2.       Shouldn’t turn over environmental issues to a single discipline
3.       Environment problems are profound political problems
a.       Nothing happens if you don’t get the law through Congress
b.       Also environmental justice issues
g.        Environmental Justice
                                                               i.      Def: Environmental Justice is the fair treatment and meaningful involvement of all people regardless of race, color, national origin, or income with respect to the development, implementation, and enforcement of environmental laws, regulations, and policies
1.       meaningful involvement does not necessarily mean successful involvement
                                                              ii.      environmental hazards and access to environmental benefits are not evenly distributed
1.       racial minorities are disproportionately likely to live near hazardous waste facilities
2.       racial and cultural minorities are sometimes forgotten when general standards are set to control environmental risk
a.       e.g., in setting standards for acceptable amounts of toxins in water, state and federal agencies make certain assumptions about the amount of contaminated fish people are likely to consume, but Native Americans consume relatively larger quantities of fish
                                                            iii.      Why built near poor communities?
1.       Zoning
2.       Residents have less political clout, so they are less likely to be able to block the proposed facility
3.       Property values are lower, so cheaper to obtain the land
                                                            iv.      Is there anything inherently wrong with buying the cheapest land to build a facility? No
1.       The environmental justice problem, i.e., the site-ing decision to build near a poor community, is a symptom of classism, not a cause
                                                             v.      Is there anything inherently wrong with picking a location where the community cannot effectively organize to oppose the facility? Yes
1.       Makes sense economically
2.       But unjust by exploiting the powerlessness of the poor community
                                                            vi.      Suggested solutions
1.       Economic compensation for the poor residents near the facility
2.       Require the city to construct public facilities, like hospitals, in the community
 
 
Environmental Common Law
 
II.                  Common Law Environmental Doctrines
a.       With regard to law to apply, Supreme Court has held that the law of the state of discharge applies
b.       Nuisance
                                                               i.      Overview
1.       Potentially covers pollution of air, water, or land by almost any route
2.       Protects the right to use and enjoyment of land
3.       If you don’t have a property interest, you can’t bring a nuisance cause of action
4.       Typically do not have to show that the act was intentional
5.       Most common action
                                                              ii.      Remedies
1.       Injunctive relief
a.       courts typically “balance the equities” to determine if injunctive relief is justified, because the polluters may performing valuable economic activities
2.       compensatory damages
c.        Private Nuisance
                                                               i.      Def: private nuisance—an unreasonable and substantial interference with the use and enjoyment of land
1.        “unreasonable” = gravity of the harm outweighs the utility of the conduct, or the harm is serious and the economic burden of compensation would not make the conduct infeasible
a.       balancing test
b.       “test of unreasonableness is ‘essentially a weighing process, involving a comparative evaluation of conflicting interests in various situations according to objective legal standards’” (Walsh v. Town of Stonington Water Pollution Control Authority(SC Conn., 1999, p. 54)

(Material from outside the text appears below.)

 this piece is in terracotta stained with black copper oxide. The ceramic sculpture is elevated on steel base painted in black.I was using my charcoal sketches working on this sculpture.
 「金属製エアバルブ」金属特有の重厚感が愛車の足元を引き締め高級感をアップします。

2.       “unreasonableness” factors
a.       extent and character of the harm
b.       social value of the plaintiff’s use of land and defendant’s conduct
c.        suitability of each to the character of the locality
d.       burden on plaintiff and defendant, respectively, of avoiding the harm
                                                              ii.      Liability for acts that are either:
1.       Intentional and unreasonable
a.       Intentional = knowingly
                                                                                          

ects the right to use and enjoyment of land
                                                            iii.      liable for actual damages done, and for nominal damages if there is no harm (p. 39)

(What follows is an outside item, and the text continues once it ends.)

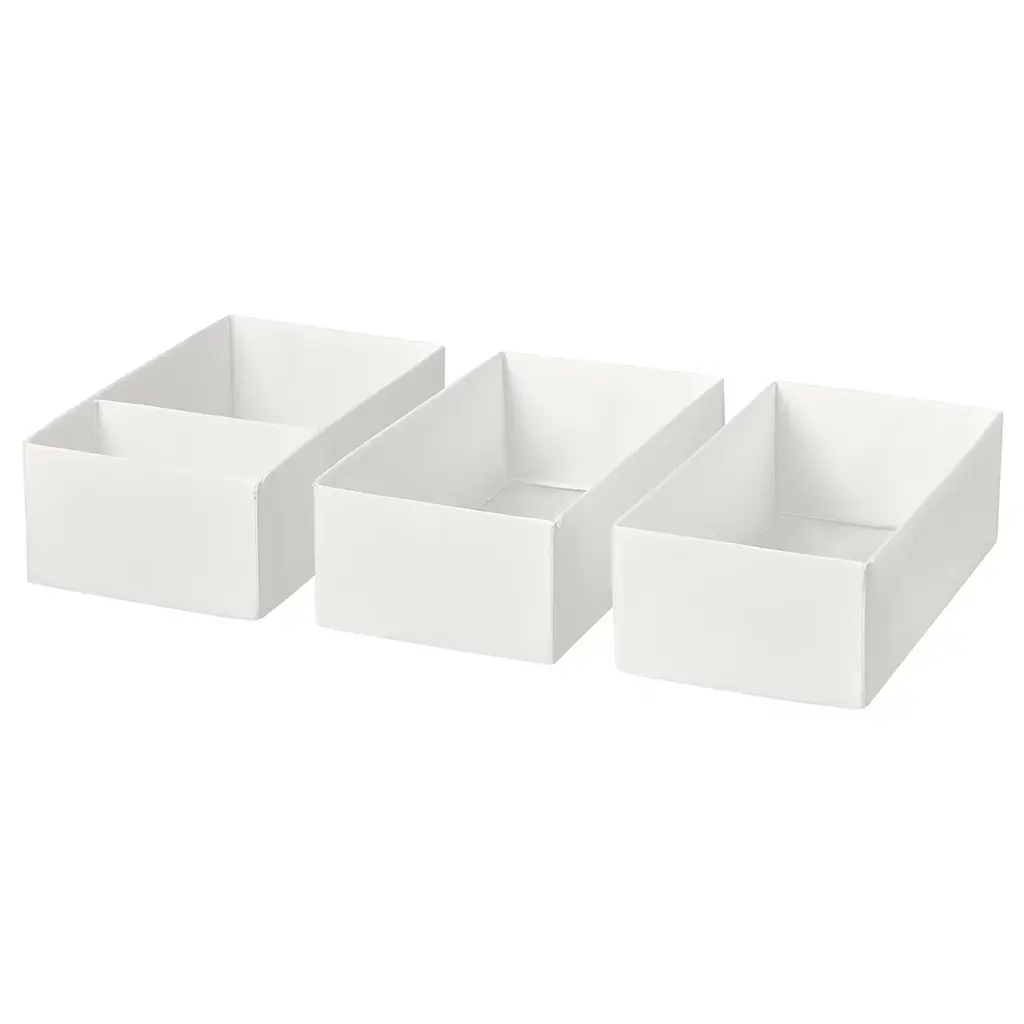 STUK Box with compartments - white 7 ¾x13 ½x4 ". Helps you to store and organize small things in your wardrobe or chest of drawers. The label holder helps you organize and find your things. This product is made of polyester, of which at least 90% is recycled. Fits PLATSA wardrobes.

                                                            iv.      Trespass by pollutants
1.       Do not have to prove harm or unreasonableness
a.       may be prevail under a trespass claim rather than under a nuisance claim
2.       But for pollution, many jurisdictions typically add a requirement that the plaintiff demonstrate substantial damage (p. 40)
3.       Other jurisdictions continue to insist that trespass actions are not available without a tangible physical invasion (p. 40)
a.       no trespass for “intangible” intrusions by airborne particles, noise, or vibrations (Mich)
                                                             v.      knowledge requirement means trespass does not cover isolated accidents that release hazardous materials or contaminate property (p. 40)
1.       negligence and strict liability fill that gap, and inform modern nuisance law
g.        Negligence
                                                               i.      Def: Conduct is negligent if it creates an unreasonable risk of harm to others
                                                              ii.      Cause of action based on negligence has four elements:
1.       a legal duty owed by the defendant to the plaintiff;
a.       duty to exercise reasonable care, where reasonableness is determined by balancing burden of adequate precautions and the gravity of the resulting injury discounted by the probability of its occurrence
b.       foreseeability—there is a duty if harm to the injured party was foreseeable
2.       a breach of that duty;
3.       harm; and
4.       a causal relationship between the breach and the harm
                                                            iii.      nuisance has been expanded in most jurisdictions to include actions for which liability can appropriately be imposed under negligence or strict liability
                                                            iv.      May be shown by statutory violations
1.       Negligence per se
                                                             v.      If defendant complies with statutory standard, that can be used to help show that he met the standard of care
                                                            vi.      Common industry practices may also come into play in determining reasonableness
                                                          vii.      Leaf River Forest Products, Inc. v. Ferguson(SC Miss, 1995, p.45)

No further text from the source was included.